Anyway, if your rant is longer than your bug report that's probably counter-productive. I can't say whether insulting the Apple engineers will get you positive or negative results on the bug. The main problem is the entire radar system is a black hole. One always tries to make their bug report stick out so it'l get fixed. It's all just part of life here in Apple-land.

1 Like

First, I wish I could be more constructive, but for me, this is the annoying little tip of a more critical iceberg, and I think that sometimes, showing your frustration can actually be constructive. Also, I would like to point out that my frustration is of course not directed towards Apple engineers (or any other person) but towards "the system/structure".

It is a convenience feature, sure, and stuff like auto balancing brackets gets into muscle memory after a while which makes it really annoying when it's sometimes there and sometimes not.

I do temporarily comment out code every now and then, yes, and I simply expect a professional IDE to be able to handle that without problems.

For example, I might comment out a piece of code while writing an improvement, or I might paste some code as a commented out temporary reference. Also, doc comments can include code examples, the standard library is full of them. (I do not, of course, leave (non-doc) commented out code in production code.)
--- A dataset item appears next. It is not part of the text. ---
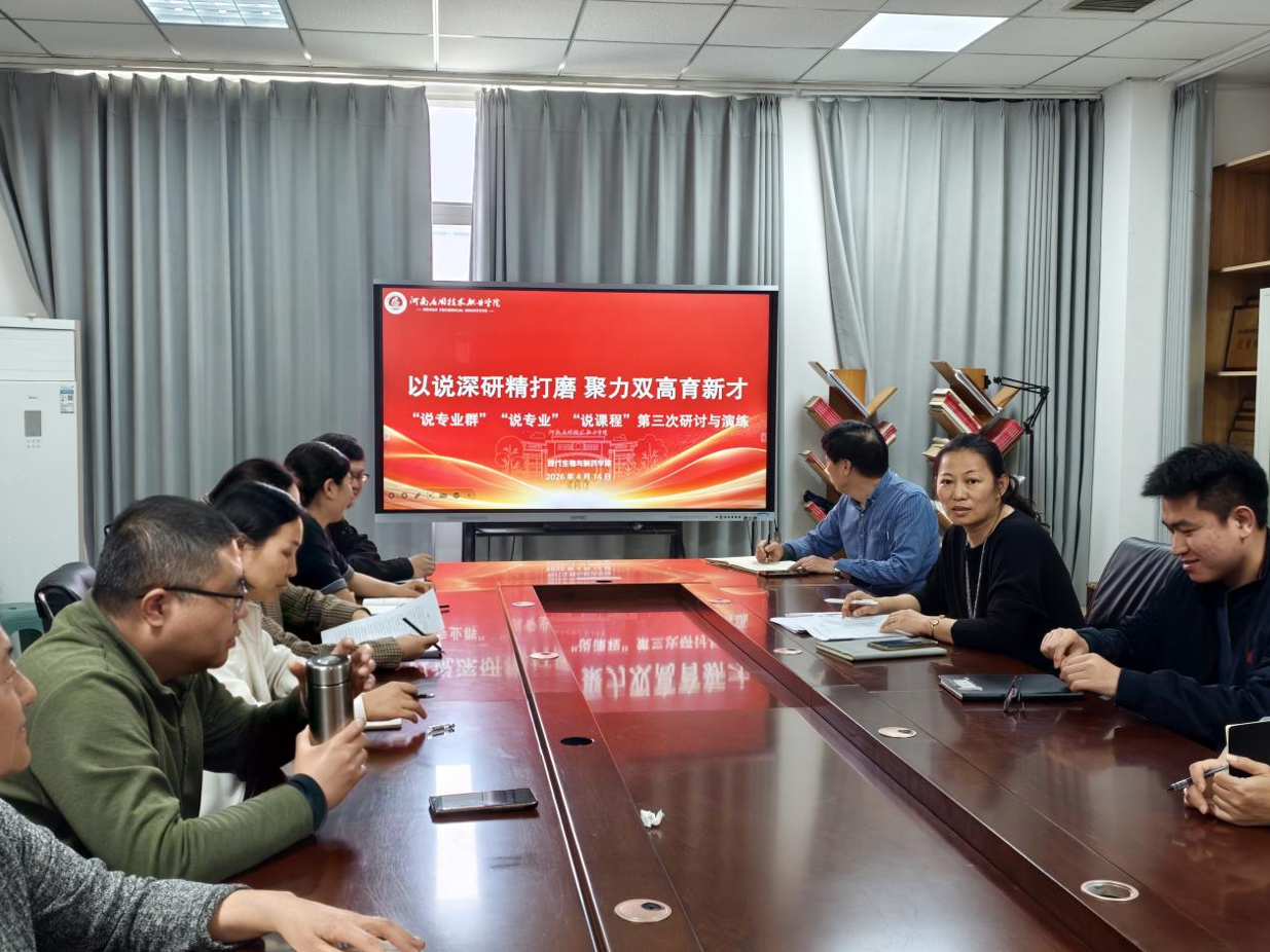 4月14日下午,现代生物与制药学院在301会议室召开业务学习会议,会议由副院长高莉丽主持,全体教师参会。本次学习围绕教学评估准备、“三说”演练、职业教育文件研读及国家安全教育普法宣传四项内容,开展工作部署与集中学习,旨在以评估要求为标尺、以业务本领为根基、以法治观念为保障,推动学院教育教学工作提质增效。

If so, of course they should be mad at Apple and let both Apple and the community know about the problems and their frustration. They would probably ask if anyone else has the same problems and then, if necessary, spend even more of their precious time to isolate and formulate bugs.

There's no reason you can't get mad about critical bugs and irritated by long standing annoying bugs.

I have reported 103 Jiras and probably 100+ radars (found no UI to see the actual number), including some small overlap of old Swift bugs before Jira, and I'd not be surprised if that's more than what 99.9% of Swift/Xcode users has bothered to report.

I should probably adjust my tone, but the time I spend on bumping into, identifying, working around, filing and keeping track of bugs in Swift and Xcode makes it hard.

Well, this thread was my attempt. : )

This is one area where I think the language server and a built in formatter would really help, as it would open this type of formatting up outside of whatever mechanism Xcode uses, which is rather buggy compared to other IDEs. Allowing the community to fix these types of issues could help a lot, depending on the difficultly.